Coexistence on the Outskirts of Glacier

While the Blackfoot region marks the southern edge of the Northern Continental Divide Ecosystem, the eastern edge along the Rocky Mountain Front Range is also vital country for coexistence, with grizzlies continuing to follow waterways east onto the prairie from Glacier National Park and the Bob Marshall Wilderness.

Electric fencing
Swan Valley Bear Resources helps landowners prevent bear conflicts with electric fencing for domestic livestock like chickens.

Two new partners are mitigating conflicts and improving social tolerance of grizzlies across these rangelands, with the Rocky Mountain Front Ranchlands Group (13) supporting a range rider program monitoring wildlife and livestock across 27,000 acres and the Sun River Watershed Group (14) outfitting local communities with bear spray training and equipment for volunteers at river and park cleanups and other future events.

On the other side of Glacier, the Swan and Flathead valleys continue to balance the needs of people and wildlife. Swan Valley Bear Resources (15) provides electric fencing, bear-resistant garbage cans and bear-aware education at community events. Meanwhile, to the north, Vital Ground was proud to support Flathead Land Trust (16) on a new conservation easement outside Whitefish near our own Tamarack Creek project.

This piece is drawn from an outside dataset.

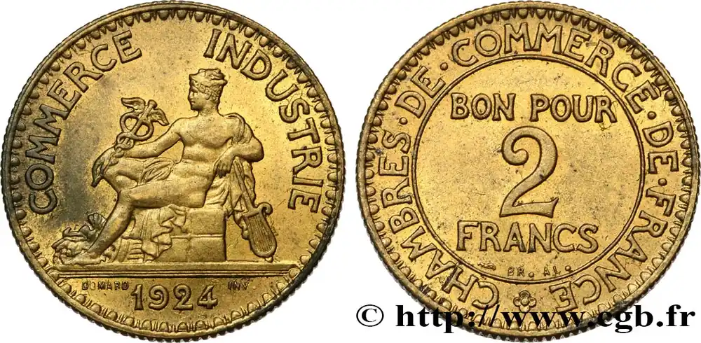Type : 2 francs Chambres de CommerceDate : 1926Quantité frappée : 2.962.351Métal : bronze-aluminiumDiamètre : 27 mmAxe des coins : 6 h.Poids : 7,84 g.Tranche : canneléeRéférence ouvrage :Classement FRANC 2023 / FRANC 2023 classificationF.267/8AversTitulature avers : COMMERCE INDUSTRIE.Description avers : Mercure assis à gauche sur un ballot de marchandise, légèrement drapé et coiffé du pétase ailé, la main gauche appuyée sur un gouvernail antique, la main droite tenant un caducée ; une corne d’abondance en arrière-plan du ballot ; sous un trait d’exergue, le millésime accosté de DOMARD / INV.ReversTitulature revers : (FLEUR) CHAMBRES . DE . COMMERCE . DE . FRANCE.Description revers : BON POUR / 2 / FRANCS, en trois lignes dans le champ ; au-dessous corne de la Régie des Monnaies et à droite BR. AL.HistoriqueTROISIÈME RÉPUBLIQUE(4/09/1870-10/07/1940) La nouvelle de la capitulation de Sedan provoque la révolution du 4 septembre 1870 à Paris. Proclamée à l’Hôtel de Ville, la République est dotée d’un gouvernement provisoire appelé gouvernement de la Défense nationale. Menacé à gauche par l’insurrection de la Commune et à droite par les monarchistes, le nouveau régime connaît des débuts difficiles. Chef du pouvoir exécutif dans un premier temps (février 1871), Thiers est chargé de réorganiser le pays avant de choisir sa forme de gouvernement. Il devient président de la République en août 1871 et, malgré son action de libération du territoire, doit quitter son poste en mars 1873 face à l’opposition royaliste. Il est alors remplacé par Mac-Mahon favorable au rétablissement de la monarchie mais celle-ci n’est pas restaurée à la suite de la question du drapeau. La loi du septennat est alors mise en place en novembre 1873 puis, en 1875, sont votées les lois fondamentales qui servent de Constitution à la Troisième République. Régime parlementaire, elle se caractérise notamment par la nette prépondérance du pouvoir législatif sur le pouvoir exécutif. Anticléricale, la Troisième République rend l’école gratuite, laïque et obligatoire mais continue la politique coloniale pour ses ambitions économiques, stratégiques et morales. La séparation des Églises et de l’État est votée en 1905. L’idée d’une revanche sur l’Allemagne et un nationalisme important sont au cœur de la crise boulangiste, du scandale de Panama ou de l’affaire Dreyfus des années 1886-1899 tandis que la politique étrangère est très active notamment au Maroc et que la course aux armements se développe. La Première Guerre mondiale coûte cher à la France qui ne se relève qu’à partir de 1920 voire 1928 pour la monnaie avec le franc « Poincaré ». La crise de 1929 ne se fait sentir qu’à partir de 1932 mais dure jusqu’en 1939, période durant laquelle l’instabilité ministérielle est très importante. Vacillant en 1934, la Troisième République trouve un nouveau ciment unitaire avec l’antifascisme qui permet l’arrivée au pouvoir du Front populaire en 1936. Mais, paralysée face à l’Allemagne, la France va alors s’enliser dans une « drôle de guerre » puis connaître l’une des plus grandes défaites de son histoire en juin 1940. Réunies en Assemblée nationale à Vichy le 10 juillet 1940, les Chambres, pourtant élues en 1936, votent les pleins pouvoirs à Pétain dans une sorte de suicide collectif par 569 voix pour, 80 voix contre et 18 abstentions.

Farther west in Montana near several other Vital Ground projects, coexistence efforts continue in the community of Troy with help from the Troy Farmers Market Apple Festival (17), an annual event promoting bear-aware education an attractant removal through cider pressing. Finally, community events from northern Idaho to the Bitterroot Valley and Rocky Mountain Front benefitted from the continued presence of a stalwart Vital Ground partner, the Be Bear Aware (18) traveling educational trailer and outreach team.

Across communities, working landscapes and wild backcountry areas, it takes many hands to keep coexistence moving forward as grizzlies themselves move farther and wider. With more partners preventing conflicts in 2022 than ever before, your support of Vital Ground plays a crucial role in building safer landscapes for wildlife and people alike. Thank you!